#### Exercise prompt:
Give the lines below again, exactly as they stand, and leave out the images.

#### Source material:
════════════════════
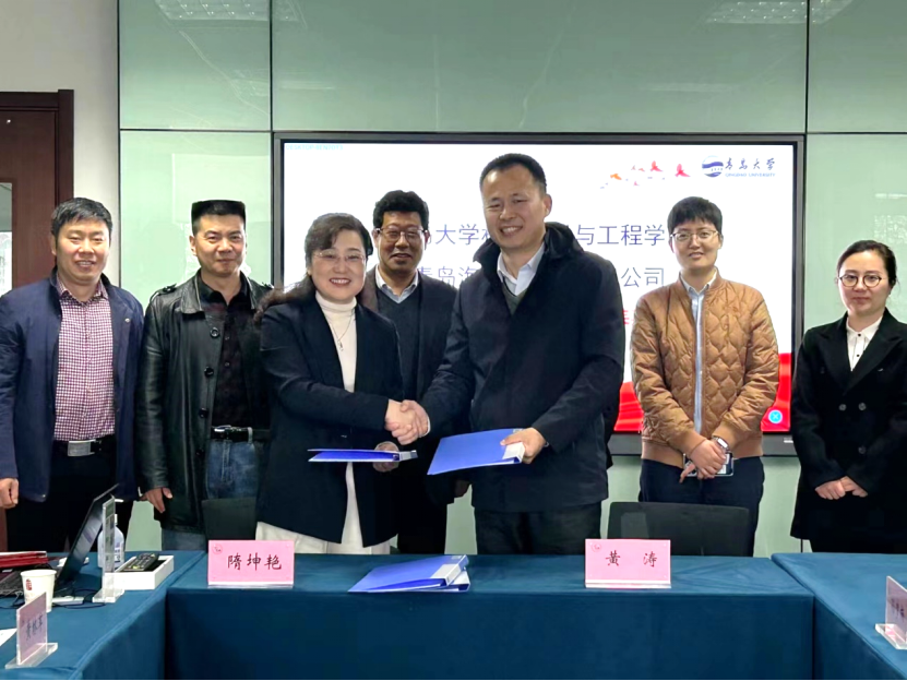 副院长李洪亮、黄林军,青岛海丽雅集团技术中心副主任谢丹、战略发展部副部长孙梦楠、人事部副部长刘洋参加洽谈及签约仪式。
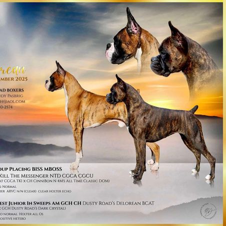 I'm the breeder behind Dusty Road’s Kennel LLC located in Peyton, CO. We have 40 acres of ranch land for our boxer babies to romp on. We have a very limited breeding program and breed for quality, not quantity. With limited breeding, we have produced over 15 homebred champions. We strive to produce a healthy boxer as well as a beautiful one. Our breeding animals are health-tested for heart disease with echocardiograms and holter monitors yearly. We also screen for Degenerative Myelopathy. We professionally handle all breeds of show dogs and have a beautiful kennel for our clients when they come to "Boxer Camp".
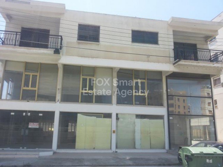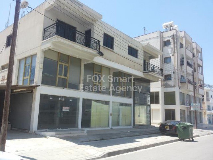 Building with 2 shops downstairs, ,mezzanine and three bedroom flat upstairs.A building in a land 531m2. The eastern shop is 185m2 ground floor and 49m2 mezzanine. The western shop is 32m2 ground floor and 49m2 mezzanine.Upstairs is a three bedroom flat 70m2.
════════════════════
#### Exercise output:
 副院长李洪亮、黄林军,青岛海丽雅集团技术中心副主任谢丹、战略发展部副部长孙梦楠、人事部副部长刘洋参加洽谈及签约仪式。
 I'm the breeder behind Dusty Road’s Kennel LLC located in Peyton, CO. We have 40 acres of ranch land for our boxer babies to romp on. We have a very limited breeding program and breed for quality, not quantity. With limited breeding, we have produced over 15 homebred champions. We strive to produce a healthy boxer as well as a beautiful one. Our breeding animals are health-tested for heart disease with echocardiograms and holter monitors yearly. We also screen for Degenerative Myelopathy. We professionally handle all breeds of show dogs and have a beautiful kennel for our clients when they come to "Boxer Camp".
 Building with 2 shops downstairs, ,mezzanine and three bedroom flat upstairs.A building in a land 531m2. The eastern shop is 185m2 ground floor and 49m2 mezzanine. The western shop is 32m2 ground floor and 49m2 mezzanine.Upstairs is a three bedroom flat 70m2.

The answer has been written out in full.